Overview:
The central bank said the inflation outlook has been revised slightly downward compared to its November 2025 forecast, largely due to a modest appreciation of the shilling and lower global oil and food prices. Inflation is now projected to remain between 3.8 percent and 4.3 percent in 2026 before gradually converging to the target over the medium to long term.
Kampala. The Bank of Uganda (BoU) has maintained its benchmark lending rate at 9.75 percent, citing subdued inflation and steady economic growth amid persistent global uncertainty.
In a monetary policy statement issued on Monday, the central bank said the current policy stance remains appropriate to support economic activity while ensuring inflation stabilises around its medium-term target of five percent.
Annual headline inflation averaged 3.5 percent in the 12 months to January 2026, while core inflation averaged 3.8 percent, both below the target. Headline inflation edged up slightly to 3.2 percent in January from 3.1 percent in December, largely due to higher prices in some service-related components.
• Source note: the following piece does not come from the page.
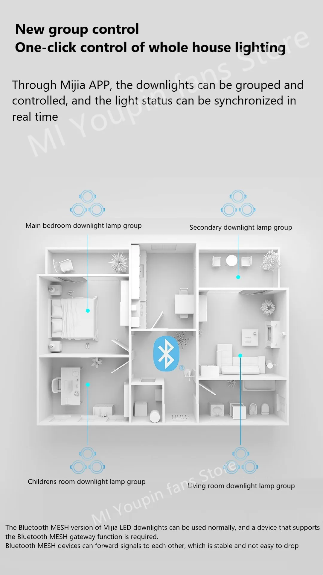 Через приложение Mijia, вниз светильник s можно сгруппировать и контролировать, и статус светильник может быть синхронизирован в режиме реального времени.

Core inflation rose to 3.3 percent, driven mainly by increased services inflation, particularly passenger air transport. However, food crop inflation eased sharply to 3.0 percent from 4.4 percent, supported by favourable weather conditions, while energy, fuel and utilities inflation increased marginally to 1.7 percent.
The central bank said the inflation outlook has been revised slightly downward compared to its November 2025 forecast, largely due to a modest appreciation of the shilling and lower global oil and food prices. Inflation is now projected to remain between 3.8 percent and 4.3 percent in 2026 before gradually converging to the target over the medium to long term.
Despite the positive outlook, BoU warned that risks to inflation remain elevated. These include stronger-than-expected domestic demand driven by expansionary fiscal policy, exchange rate pressures, geopolitical tensions that could disrupt global supply chains, and adverse weather conditions that may push up food prices.
On the downside, the bank cited the possibility of a sharper slowdown in domestic activity, weaker global growth, and a decline in commodity prices with disinflationary effects.
Economic activity remained robust during the first three quarters of 2025, with average growth of 6.3 percent. Growth was largely driven by consumption, particularly government spending, which expanded by 22.8 percent, compared to 14.2 percent growth in household consumption.
Although growth moderated slightly in the two quarters to September 2025, high-frequency indicators suggest stronger activity in the final quarter of the year and the second half of the current financial year. Economic growth for FY2025/26 is projected at between 6.5 percent and 7.0 percent.
Over the medium term, growth is expected to strengthen further to an average of about eight percent, supported by public investment, oil and infrastructure projects, improved global conditions and increased private sector activity.
However, the central bank cautioned that growth risks are tilted to the downside, particularly from geopolitical developments that could disrupt trade and push up commodity prices, especially oil.
“The economic environment continues to be characterised by heightened uncertainty, necessitating a cautious monetary policy stance,” Governor Michael Atingi-Ego said.
The central bank rate corridor was maintained at plus or minus two percentage points, leaving the rediscount rate at 12.75 percent and the bank rate at 13.75 percent.
BoU said future policy decisions will remain data-dependent, guided by ongoing assessments of domestic and global economic conditions.